*** ENTRIES SUPPLIED

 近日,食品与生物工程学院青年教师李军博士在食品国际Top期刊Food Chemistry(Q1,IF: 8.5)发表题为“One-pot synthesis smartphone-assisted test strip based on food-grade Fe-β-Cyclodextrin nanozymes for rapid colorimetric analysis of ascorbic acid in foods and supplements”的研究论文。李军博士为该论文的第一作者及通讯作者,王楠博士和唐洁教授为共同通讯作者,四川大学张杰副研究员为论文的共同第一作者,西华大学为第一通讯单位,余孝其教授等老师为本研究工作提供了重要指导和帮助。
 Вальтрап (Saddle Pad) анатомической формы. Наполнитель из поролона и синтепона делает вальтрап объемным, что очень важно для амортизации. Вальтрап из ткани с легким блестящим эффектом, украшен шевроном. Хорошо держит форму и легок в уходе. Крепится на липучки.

******
*** ENTRIES SUPPLIED

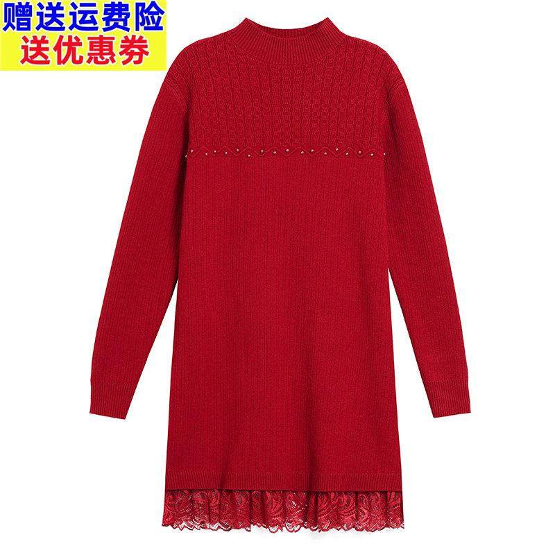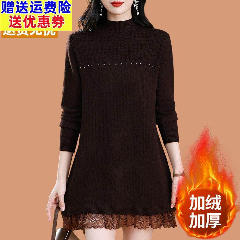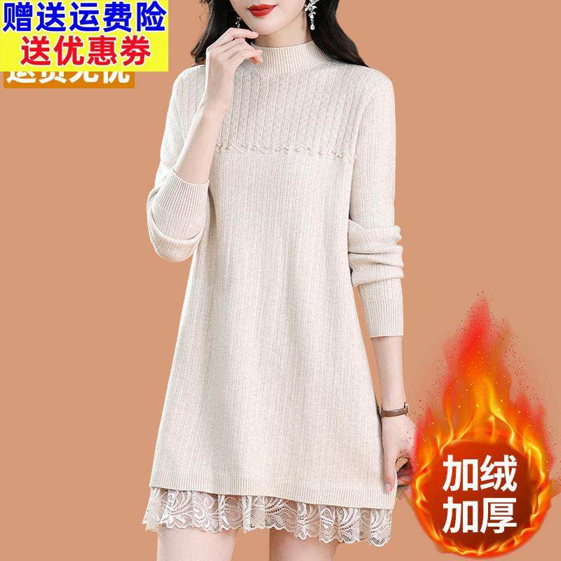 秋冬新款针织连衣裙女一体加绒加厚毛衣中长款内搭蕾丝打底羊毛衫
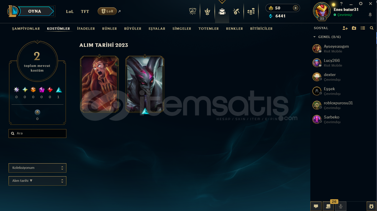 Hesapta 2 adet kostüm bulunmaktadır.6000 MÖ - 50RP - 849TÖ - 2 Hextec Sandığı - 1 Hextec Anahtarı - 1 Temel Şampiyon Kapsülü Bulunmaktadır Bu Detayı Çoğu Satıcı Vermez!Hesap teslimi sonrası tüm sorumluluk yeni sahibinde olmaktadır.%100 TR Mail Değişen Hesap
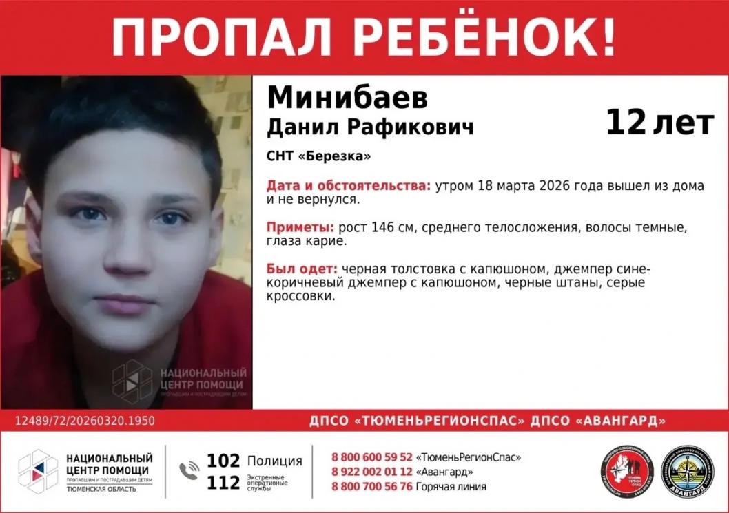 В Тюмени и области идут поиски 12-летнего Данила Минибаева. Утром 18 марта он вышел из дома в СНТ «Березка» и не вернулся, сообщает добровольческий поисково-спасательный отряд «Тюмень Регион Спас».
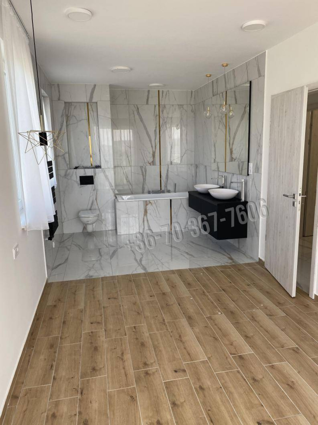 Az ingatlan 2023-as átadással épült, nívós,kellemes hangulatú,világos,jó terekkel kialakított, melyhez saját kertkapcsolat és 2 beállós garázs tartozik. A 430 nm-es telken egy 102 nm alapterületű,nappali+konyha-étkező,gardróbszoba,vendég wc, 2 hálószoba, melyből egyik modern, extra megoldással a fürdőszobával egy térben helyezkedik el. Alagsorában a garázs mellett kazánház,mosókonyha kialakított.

******
*** ENTRIES SUPPLIED

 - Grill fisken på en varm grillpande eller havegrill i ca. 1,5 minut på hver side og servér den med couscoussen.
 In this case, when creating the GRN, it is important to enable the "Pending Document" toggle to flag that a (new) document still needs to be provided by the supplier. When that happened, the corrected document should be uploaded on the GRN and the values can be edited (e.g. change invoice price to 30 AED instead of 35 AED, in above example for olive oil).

******

*PROBLEM REQUIREMENTS:* All pictures are to be skipped. Output, word for word, the lines in the data above starting at the line containing "Hesapta 2 adet" and ending at the line containing "Az ingatlan 2023-as".

*COMPLETED TASK:*
 Hesapta 2 adet kostüm bulunmaktadır.6000 MÖ - 50RP - 849TÖ - 2 Hextec Sandığı - 1 Hextec Anahtarı - 1 Temel Şampiyon Kapsülü Bulunmaktadır Bu Detayı Çoğu Satıcı Vermez!Hesap teslimi sonrası tüm sorumluluk yeni sahibinde olmaktadır.%100 TR Mail Değişen Hesap
 В Тюмени и области идут поиски 12-летнего Данила Минибаева. Утром 18 марта он вышел из дома в СНТ «Березка» и не вернулся, сообщает добровольческий поисково-спасательный отряд «Тюмень Регион Спас».
 Az ingatlan 2023-as átadással épült, nívós,kellemes hangulatú,világos,jó terekkel kialakított, melyhez saját kertkapcsolat és 2 beállós garázs tartozik. A 430 nm-es telken egy 102 nm alapterületű,nappali+konyha-étkező,gardróbszoba,vendég wc, 2 hálószoba, melyből egyik modern, extra megoldással a fürdőszobával egy térben helyezkedik el. Alagsorában a garázs mellett kazánház,mosókonyha kialakított.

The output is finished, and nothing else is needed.